Fraud Is a Quick-Growing Concern for Businesses

Fraud Is a Quick-Growing Concern for Businesses

Six out of every 10 businesses are experiencing the same or more fraudulent losses online compared with a year ago.

Experian's Global Fraud and Identity Report shows that fraud trends and patterns continue to grow around the globe. The research found that most businesses – 72% – cite fraud as a growing concern.

The research also shows that businesses need to better identify their customers to help combat online fraud. Currently, most businesses tend to demonstrate suspicion when it comes to preventing fraud, following a route of detection rather than one of permission or trust: 71% know that they deny more transactions than they should. This doesn't just lead to a loss of sales; it's also likely to damage the lifetime value of that customer.

Business leaders agree that if they were more precise in identifying customers and avoiding denial of real transactions, they would see an increase in revenue. In fact, 84% of businesses say the need for fraud risk mitigation could be reduced if they were certain about customers' identity.

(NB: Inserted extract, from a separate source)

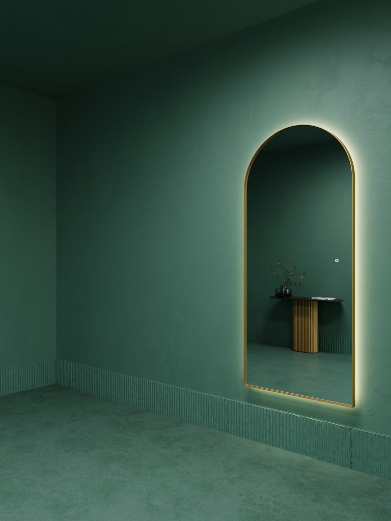 Наши настенные/напольные зеркала арочной формы, ARKIS L LED с контурной (тыльной) подсветкой – это истинные произведения интерьерного искусства. Элегантное дизайнерское зеркало в тонкой металлической раме станет прекрасным акцентом в вашем интерьере. Производится стандартно в тонкой раме 0.4 х 4 см с выступом рамы 1.5 см. Габаритные размеры зеркала составляют 180 х 80 см.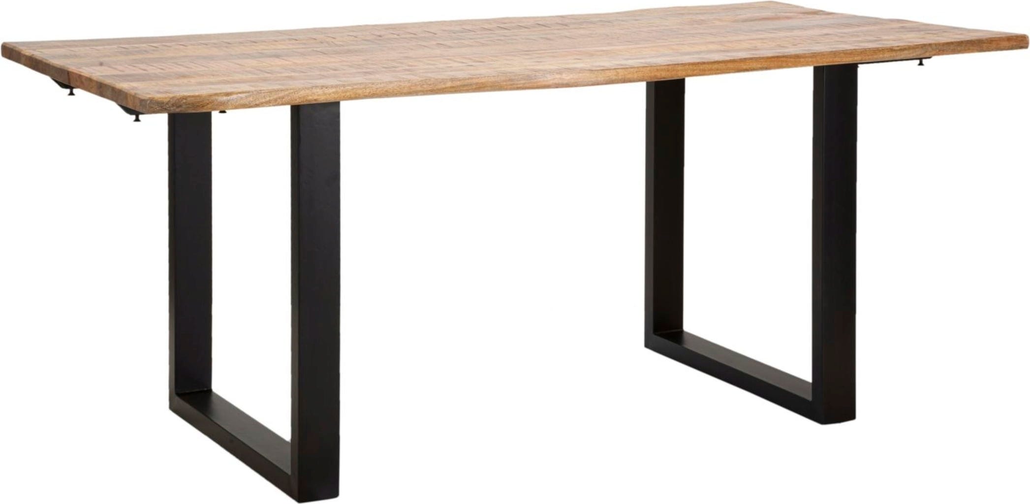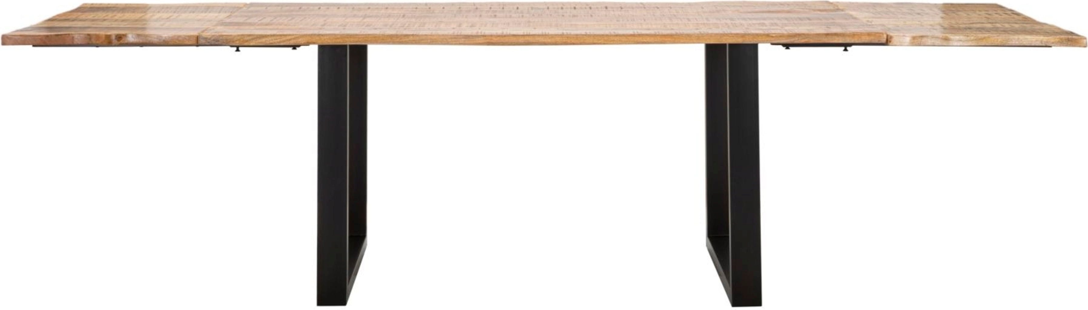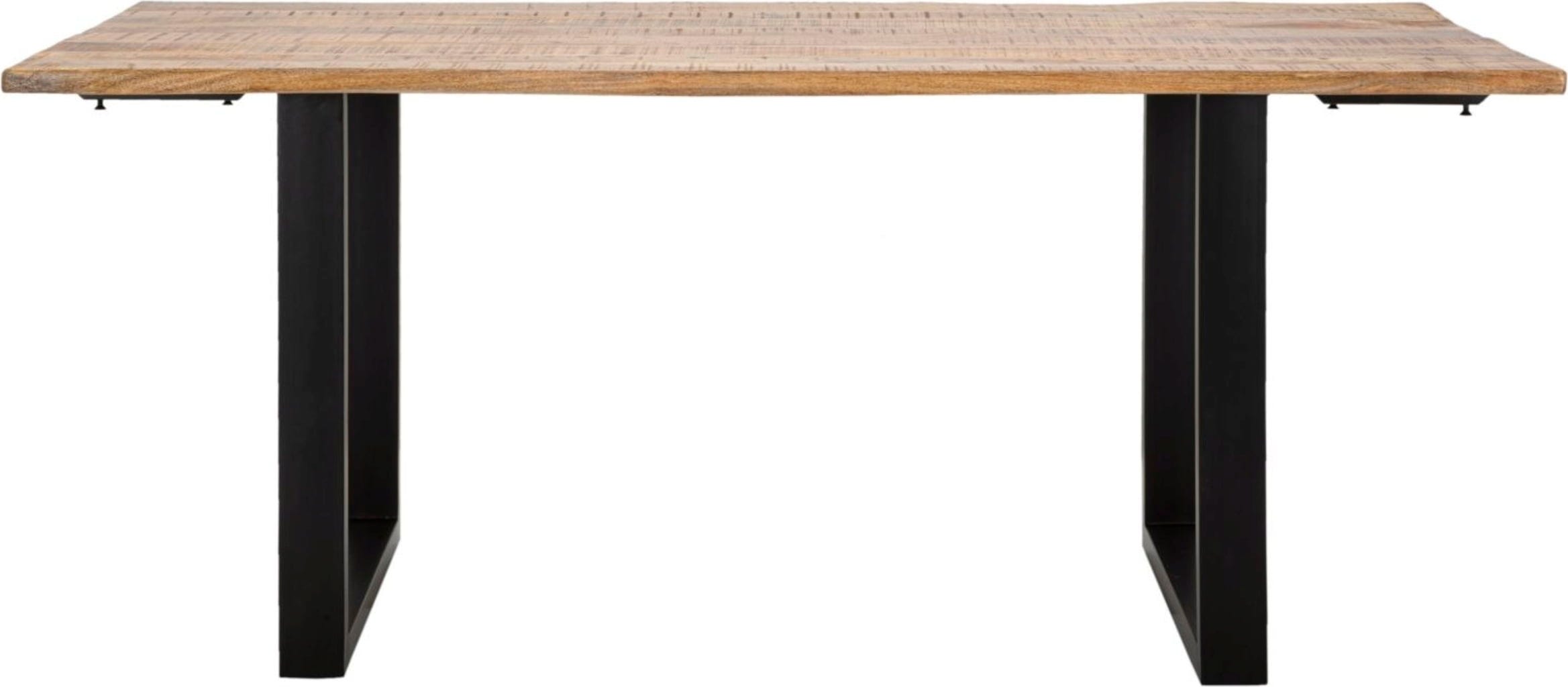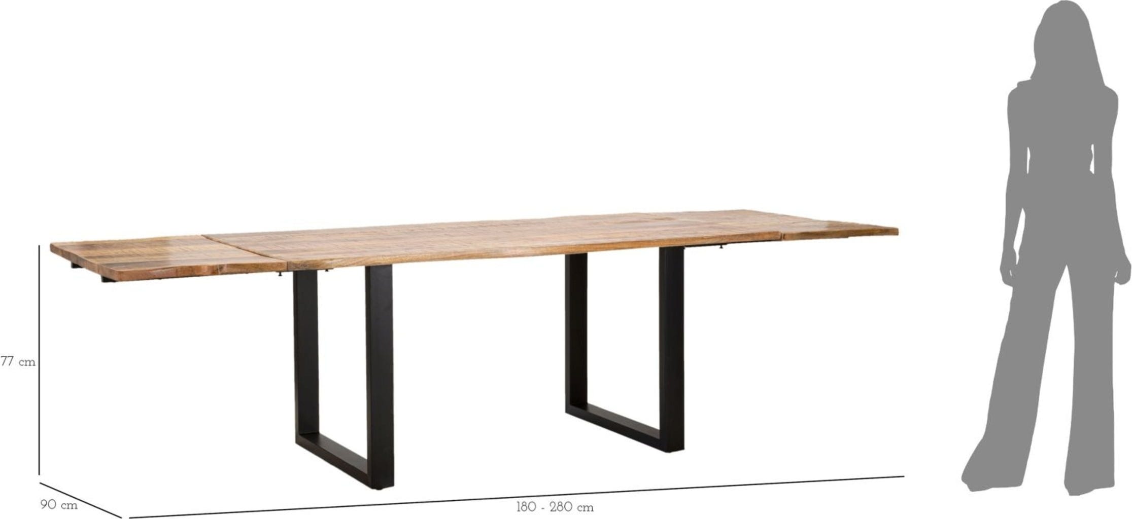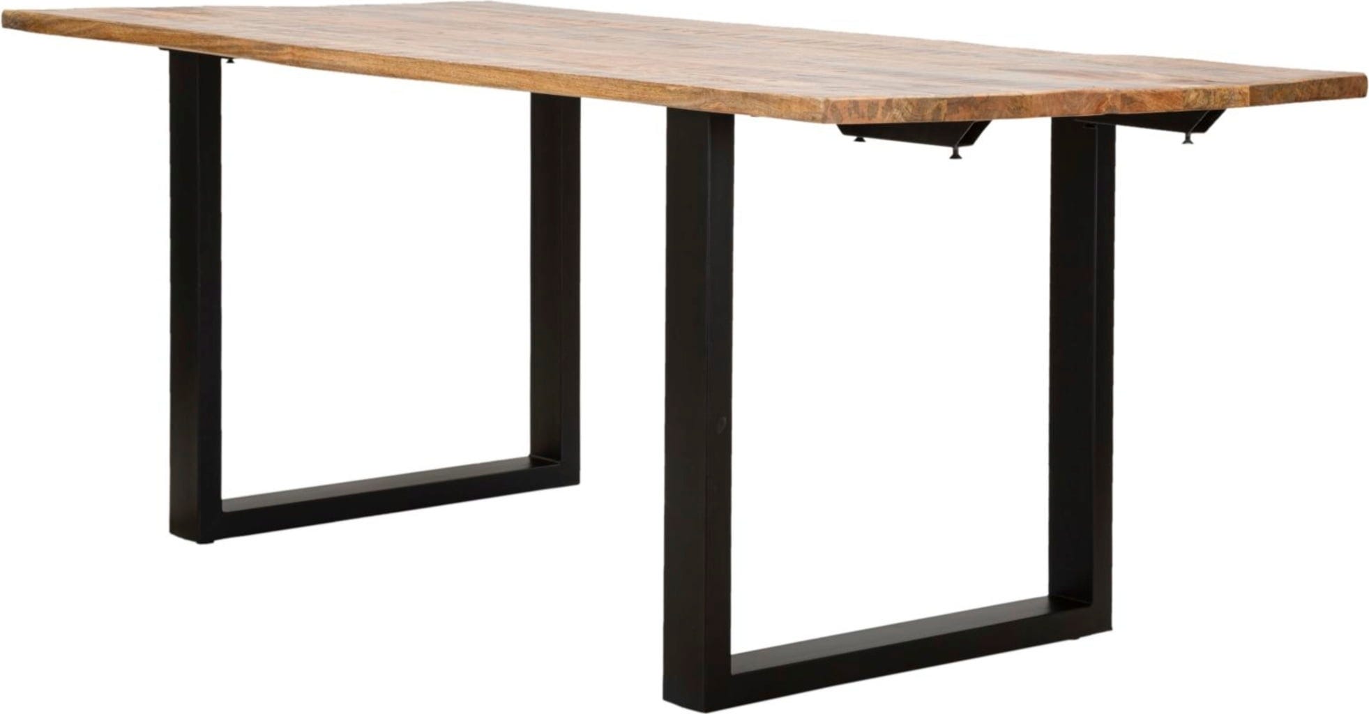 Wyrazisty drewniany blat z naturalnym usłojeniem spoczywa na stabilnych nogach w kształcie litery U, wykonanych z czarnego metalu, co nadaje konstrukcji przejrzystą i ponadczasową formę. Wyjątkowa cecha: dzięki praktycznej funkcji rozkładania powierzchnię stołu można powiększyć w mgnieniu oka, co pozwala na elastyczne przygotowanie się na wizytę gości w dowolnym momencie. Czy to na szybkie śniadanie, czy na duży rodzinny obiad – ten stół to trwały element dekoracyjny, który przyciąga wzrok w każdym domu!

As businesses undergo digital transformation, they also recognize the importance of trust and the need for technology to deliver it.

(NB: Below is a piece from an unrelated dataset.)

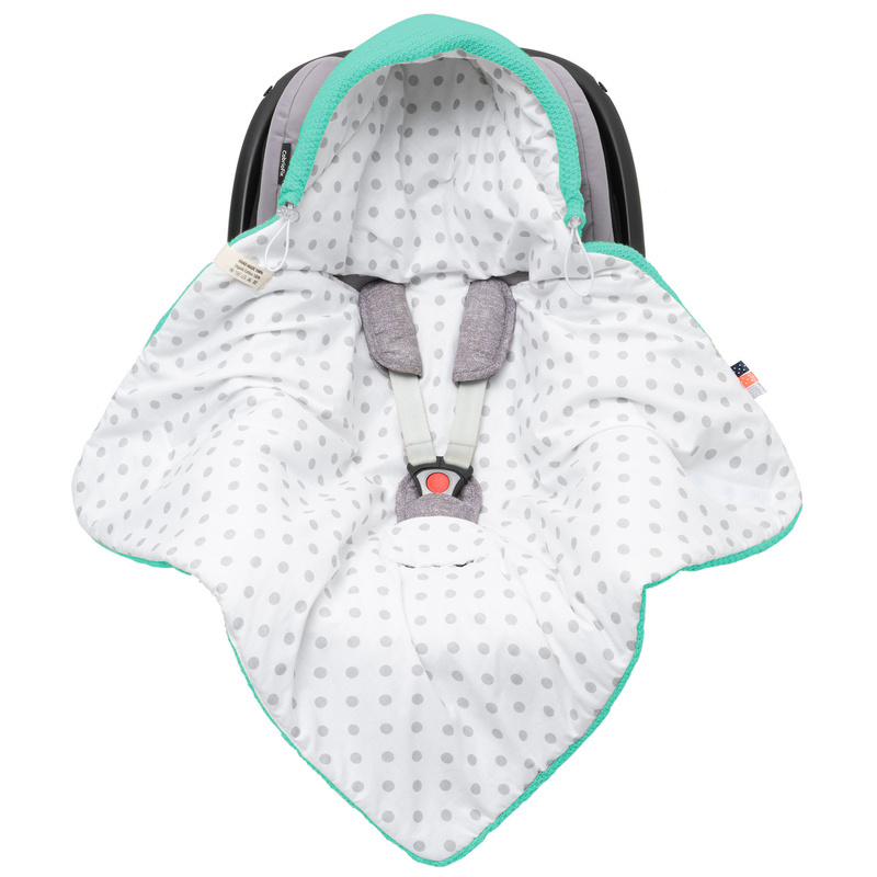 Mikos Kocyk do fotelika becik rożek niemowlęcy śpiworek otulacz z kapturem do fotelika samochodowego wózka nosidełka bawełna 1039 TURKUS

"Whether it's in our favorite coffee shop or shopping online, being recognized by the people we do business with goes a long way," said Kathleen Peters, Experian senior vice president of global fraud and identity. "Recognition helps to stimulate trust, and trust is what makes all of us feel safe and protected. Trust is the currency of digital commerce. Technology is the enabler that underpins it."

Findings from the study, which is based on interviews of more than 5,500 consumers and 500 business executives in 11 markets around the world, show that while consumers want to be recognized, they also expect online banks and retailers to do everything they can to protect their information and secure their transactions. Nearly 7 out of every 10 consumers like security protocols when they transact online, because it makes them feel protected. But that doesn't mean they like too many hurdles and inconveniences. The most effective fraud prevention and identity strategies keep people safe without disrupting their experience.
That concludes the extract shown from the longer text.